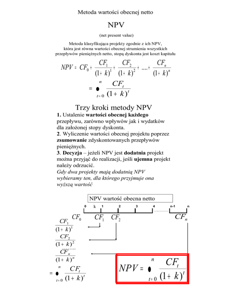 Metoda wartości obecnej netto NPV (net present value) Metoda klasyfikująca projekty zgodnie z ich NPV, która jest równa wartości obecnej strumienia wszystkich przepływów pieniężnych netto, stopą dyskonta jest koszt kapitału CF1 CF2 CFn + + .... + (1 + k )1 (1 + k ) 2 (1 + k ) n n CFt = ∑ t ( 1 + k ) t= 0 NPV = CF0 + Trzy kroki metody NPV 1. Ustalenie wartości obecnej każdego przepływu, zarówno wpływów jak i wydatków dla założonej stopy dyskonta. 2. Wyliczenie wartości obecnej projektu poprzez zsumowanie zdyskontowanych przepływów pieniężnych. 3. Decyzja – jeżeli NPV jest dodatnia projekt można przyjąć do realizacji, jeśli ujemna projekt należy odrzucić. Gdy dwa projekty mają dodatnią NPV wybieramy ten, dla którego przyjmuje ona wyższą wartość NPV wartość obecna netto 0 CF0 CF1 (1 + k )1 CF2 (1 + k ) 2 …….. CFn (1 + k ) n = n ∑ t= 0 CFt (1 + k ) t k 1 2 3 4 n-1 ………… n CFn CF1 CF2 n CFt NPV = ∑ t t = 0 (1 + k ) Przykł Przykład 1 Przykł Przykład 4 Rozważamy zakup papieru wartościowego z terminem wykupu za 3 lata (kwota wypłaty = 10 000 zł). Czy cena w chwili obecnej na poziomie 7 000 zł jest do zaakceptowania, jeżeli dyskonto przyjmujemy na poziomie 10% Rozważmy projekt inwestycyjny, którego nakład wynosi 20 mln zł, a spodziewane przepływy pieniężne są następujące [w mln zł]: t 0 1 2 3 4 CF -20 13 6 6 2 a)Zbadaj, czy przy dyskoncie 10% projekt można zaakceptować b) Zbadaj projekt stosując następujące poziomy dyskonta , (k= 0 ; 0,05; 0,10; 0,15; 0,18; 020)- korzystaj z tablic (1+k)^n c) Narysuj krzywą NPV Przykł Przykład 2 Przykł Przykład 5 Pan X rozważa zakup mieszkania, które następnie ma zamiar sprzedać „z zyskiem”. Pan X płaci za mieszkanie 100 000 zł a kupujący od Pana X zapłaci za nie w 5-ciu równych ratach po 25 000 zł, płatnych na koniec kolejnych 5-ciu lat. Czy przy stopie dyskonta 10% operacja jest opłacalna? Na podstawie projekcji cash flow porównaj dwa projekty inwestycyjne A i B Przykł Przykład 2 cd A inwestycja PAT amortyzacja zmiana ko CF 0 -30,0 B inwestycja PAT amortyzacja zmiana ko CF 0 -35,0 1 2 3 4 5 6 7,0 2,0 0,5 8,0 2,0 0,5 8,0 1,5 0,0 8,0 1,5 0,0 8,0 1,5 0,0 8,0 1,5 0,0 1 2 3 4 5 6 8,0 2,0 0,5 9,0 2,0 0,5 9,0 2,0 0,0 9,0 2,0 0,0 9,0 1,5 0,0 9,0 1,5 0,0 Przykł Przykład 5cd Rozwiązując zadanie użyj wzoru na sumę zdyskontowantych przepływów, oraz na wartość obecną renty. a) Porównaj NPV obu projektów – korzystaj z tablic b) Narysuj krzywe NPV c) Dla jakiej wartości dyskonta oba projekty mają takie same NPV d) Co można powiedzieć o wartości dyskonta z przecięcia krzywej NPV z osią OX? 1 − (1 + k ) − n PVAn = PMT ⋅ k Przykł Przykład 3 Wyemitowano obligacje w trzech seriach A, B, C (nominał akcji 5 tys. zł). Termin ich wykupu (po cenie nominalnej) wynosi odpowiednio: dla serii A – 3 lata, B- 5 lat, C - 10lat. Ustal czy cena 100 tys zł za pakiet obligacji 10szt A, 15szt B, 7 szt C, przy dyskoncie 9% jest do przyjęcia. Ilość obligacji której serii można obniżyć o 1 by zachować opłacalność projektu, przy niezmienionych pozostałych warunkach. Tablica (1+k)^n n k 0 1 2 3 0.0% 1.0000 1.0000 1.0000 1.0000 5.0% 1.0000 1.0500 1.1025 10.0% 1.0000 1.1000 15.0% 1.0000 18.0% 4 5 6 1.0000 1.0000 1.0000 1.1576 1.2155 1.2763 1.3401 1.2100 1.3310 1.4641 1.6105 1.7716 1.1500 1.3225 1.5209 1.7490 2.0114 2.3131 1.0000 1.1800 1.3924 1.6430 1.9388 2.2878 2.6996 20.0% 1.0000 1.2000 1.4400 1.7280 2.0736 2.4883 2.9860 25.0% 1.0000 1.2500 1.5625 1.9531 2.4414 3.0518 3.8147
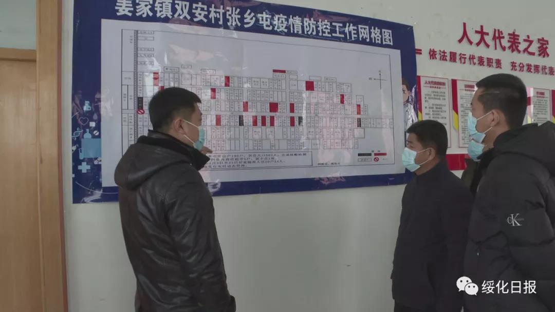 在姜家鎮(zhèn)政府辦公室墻上懸掛的一張姜家鎮(zhèn)雙安村張鄉(xiāng)屯疫情防控工作網(wǎng)格圖格外顯眼。鎮(zhèn)黨委書記生振明指著網(wǎng)格圖,向鎮(zhèn)村干部了解居家隔離人員具體情況。
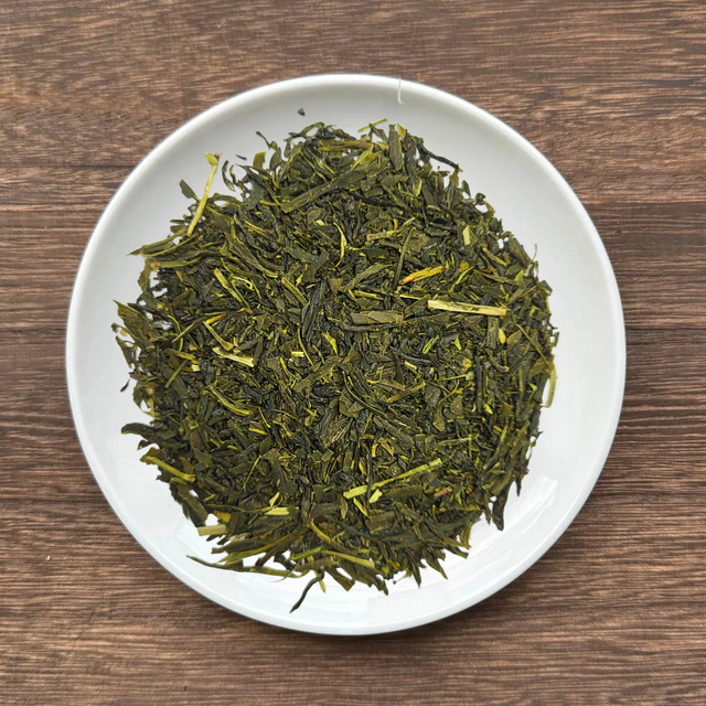 樽井さんのおすすめ茶葉セレクションから、もう一つ。樽井さんの一番茶は、深蒸しでありながら精製されていない「一番茶」​​。茶葉を長期保存するために、焙煎することでほのかな香ばしさが生まれます。樽井茶園では、葉や茎を選別することなく、荒茶(生葉)の独特の香りを大切にしています。実は、樽井茶園が誇りとしているのは、自社で「荒茶工場」を所有していること。この荒茶工場は、茶葉を蒸し、揉む工程で荒茶を作るという、日本茶の重要な工程を担っているのです。この「一番茶」​​は、風味と香りが豊かでバランスの取れた、お茶好きにはたまらない逸品です。
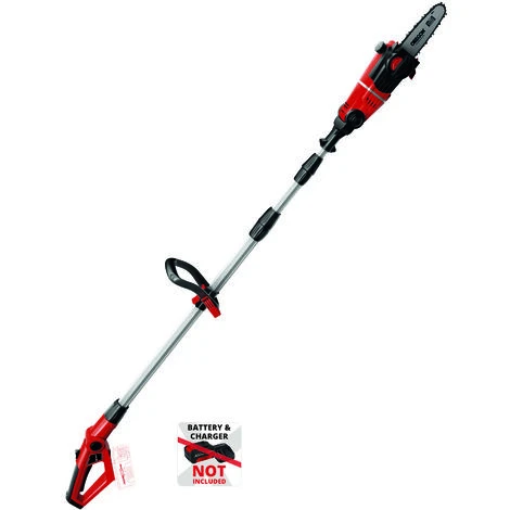 The cordless pole pruner GE-LC 18 Li T is the ideal tool for trimming hard to reach branches with ease. The OREGON-quality blade and the OREGON-chain care for clean cutting results. The 90° rotatable top piece cares for effortless horizontal cuts. To execute difficult cuts the motor head can be sloped 7-fold, and the main handle 4-fold. When needed, the chain can be tensioned and changed toolless with the practical chain tension. There is a practical cuttings sweeper included. Requires 1x 18V Einhell Power X-Change rechargeable battery.
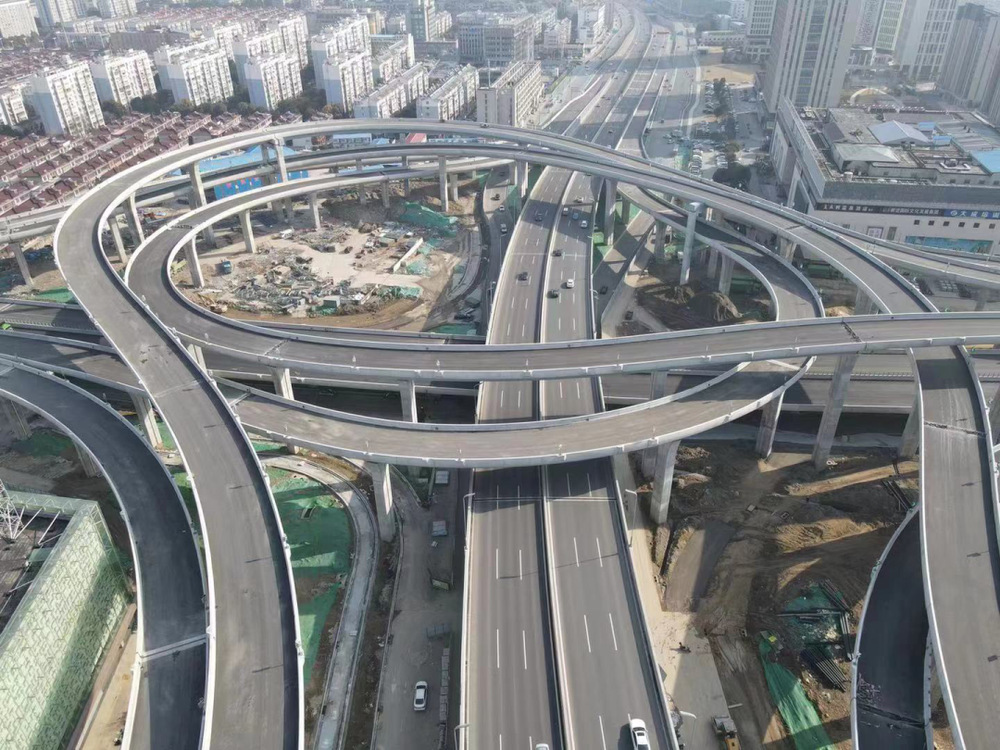潤揚(yáng)路快速化改造(潤揚(yáng)路-江陽路互通立交)工程為五層渦輪型全互通立交,是揚(yáng)州市快速路網(wǎng)重大節(jié)點(diǎn)項目。工程主線高架橋北起百吉巷,南至牧羊路,共15聯(lián)48跨,全長1.52公里;8條互通匝道共58聯(lián)162跨,全長5.04公里。工程橋梁瀝青攤鋪面積總計達(dá)9.4萬平方米。

§ Task details
Each line of the data should be quoted exactly, with pictures left out.

§ Problem solution
 Metoda wartości obecnej netto NPV (net present value) Metoda klasyfikująca projekty zgodnie z ich NPV, która jest równa wartości obecnej strumienia wszystkich przepływów pieniężnych netto, stopą dyskonta jest koszt kapitału CF1 CF2 CFn + + .... + (1 + k )1 (1 + k ) 2 (1 + k ) n n CFt = ∑ t ( 1 + k ) t= 0 NPV = CF0 + Trzy kroki metody NPV 1. Ustalenie wartości obecnej każdego przepływu, zarówno wpływów jak i wydatków dla założonej stopy dyskonta. 2. Wyliczenie wartości obecnej projektu poprzez zsumowanie zdyskontowanych przepływów pieniężnych. 3. Decyzja – jeżeli NPV jest dodatnia projekt można przyjąć do realizacji, jeśli ujemna projekt należy odrzucić. Gdy dwa projekty mają dodatnią NPV wybieramy ten, dla którego przyjmuje ona wyższą wartość NPV wartość obecna netto 0 CF0 CF1 (1 + k )1 CF2 (1 + k ) 2 …….. CFn (1 + k ) n = n ∑ t= 0 CFt (1 + k ) t k 1 2 3 4 n-1 ………… n CFn CF1 CF2 n CFt NPV = ∑ t t = 0 (1 + k ) Przykł Przykład 1 Przykł Przykład 4 Rozważamy zakup papieru wartościowego z terminem wykupu za 3 lata (kwota wypłaty = 10 000 zł). Czy cena w chwili obecnej na poziomie 7 000 zł jest do zaakceptowania, jeżeli dyskonto przyjmujemy na poziomie 10% Rozważmy projekt inwestycyjny, którego nakład wynosi 20 mln zł, a spodziewane przepływy pieniężne są następujące [w mln zł]: t 0 1 2 3 4 CF -20 13 6 6 2 a)Zbadaj, czy przy dyskoncie 10% projekt można zaakceptować b) Zbadaj projekt stosując następujące poziomy dyskonta , (k= 0 ; 0,05; 0,10; 0,15; 0,18; 020)- korzystaj z tablic (1+k)^n c) Narysuj krzywą NPV Przykł Przykład 2 Przykł Przykład 5 Pan X rozważa zakup mieszkania, które następnie ma zamiar sprzedać „z zyskiem”. Pan X płaci za mieszkanie 100 000 zł a kupujący od Pana X zapłaci za nie w 5-ciu równych ratach po 25 000 zł, płatnych na koniec kolejnych 5-ciu lat. Czy przy stopie dyskonta 10% operacja jest opłacalna? Na podstawie projekcji cash flow porównaj dwa projekty inwestycyjne A i B Przykł Przykład 2 cd A inwestycja PAT amortyzacja zmiana ko CF 0 -30,0 B inwestycja PAT amortyzacja zmiana ko CF 0 -35,0 1 2 3 4 5 6 7,0 2,0 0,5 8,0 2,0 0,5 8,0 1,5 0,0 8,0 1,5 0,0 8,0 1,5 0,0 8,0 1,5 0,0 1 2 3 4 5 6 8,0 2,0 0,5 9,0 2,0 0,5 9,0 2,0 0,0 9,0 2,0 0,0 9,0 1,5 0,0 9,0 1,5 0,0 Przykł Przykład 5cd Rozwiązując zadanie użyj wzoru na sumę zdyskontowantych przepływów, oraz na wartość obecną renty. a) Porównaj NPV obu projektów – korzystaj z tablic b) Narysuj krzywe NPV c) Dla jakiej wartości dyskonta oba projekty mają takie same NPV d) Co można powiedzieć o wartości dyskonta z przecięcia krzywej NPV z osią OX? 1 − (1 + k ) − n PVAn = PMT ⋅ k Przykł Przykład 3 Wyemitowano obligacje w trzech seriach A, B, C (nominał akcji 5 tys. zł). Termin ich wykupu (po cenie nominalnej) wynosi odpowiednio: dla serii A – 3 lata, B- 5 lat, C - 10lat. Ustal czy cena 100 tys zł za pakiet obligacji 10szt A, 15szt B, 7 szt C, przy dyskoncie 9% jest do przyjęcia. Ilość obligacji której serii można obniżyć o 1 by zachować opłacalność projektu, przy niezmienionych pozostałych warunkach. Tablica (1+k)^n n k 0 1 2 3 0.0% 1.0000 1.0000 1.0000 1.0000 5.0% 1.0000 1.0500 1.1025 10.0% 1.0000 1.1000 15.0% 1.0000 18.0% 4 5 6 1.0000 1.0000 1.0000 1.1576 1.2155 1.2763 1.3401 1.2100 1.3310 1.4641 1.6105 1.7716 1.1500 1.3225 1.5209 1.7490 2.0114 2.3131 1.0000 1.1800 1.3924 1.6430 1.9388 2.2878 2.6996 20.0% 1.0000 1.2000 1.4400 1.7280 2.0736 2.4883 2.9860 25.0% 1.0000 1.2500 1.5625 1.9531 2.4414 3.0518 3.8147
 在姜家鎮(zhèn)政府辦公室墻上懸掛的一張姜家鎮(zhèn)雙安村張鄉(xiāng)屯疫情防控工作網(wǎng)格圖格外顯眼。鎮(zhèn)黨委書記生振明指著網(wǎng)格圖,向鎮(zhèn)村干部了解居家隔離人員具體情況。
 樽井さんのおすすめ茶葉セレクションから、もう一つ。樽井さんの一番茶は、深蒸しでありながら精製されていない「一番茶」​​。茶葉を長期保存するために、焙煎することでほのかな香ばしさが生まれます。樽井茶園では、葉や茎を選別することなく、荒茶(生葉)の独特の香りを大切にしています。実は、樽井茶園が誇りとしているのは、自社で「荒茶工場」を所有していること。この荒茶工場は、茶葉を蒸し、揉む工程で荒茶を作るという、日本茶の重要な工程を担っているのです。この「一番茶」​​は、風味と香りが豊かでバランスの取れた、お茶好きにはたまらない逸品です。
 The cordless pole pruner GE-LC 18 Li T is the ideal tool for trimming hard to reach branches with ease. The OREGON-quality blade and the OREGON-chain care for clean cutting results. The 90° rotatable top piece cares for effortless horizontal cuts. To execute difficult cuts the motor head can be sloped 7-fold, and the main handle 4-fold. When needed, the chain can be tensioned and changed toolless with the practical chain tension. There is a practical cuttings sweeper included. Requires 1x 18V Einhell Power X-Change rechargeable battery.
潤揚(yáng)路快速化改造(潤揚(yáng)路-江陽路互通立交)工程為五層渦輪型全互通立交,是揚(yáng)州市快速路網(wǎng)重大節(jié)點(diǎn)項目。工程主線高架橋北起百吉巷,南至牧羊路,共15聯(lián)48跨,全長1.52公里;8條互通匝道共58聯(lián)162跨,全長5.04公里。工程橋梁瀝青攤鋪面積總計達(dá)9.4萬平方米。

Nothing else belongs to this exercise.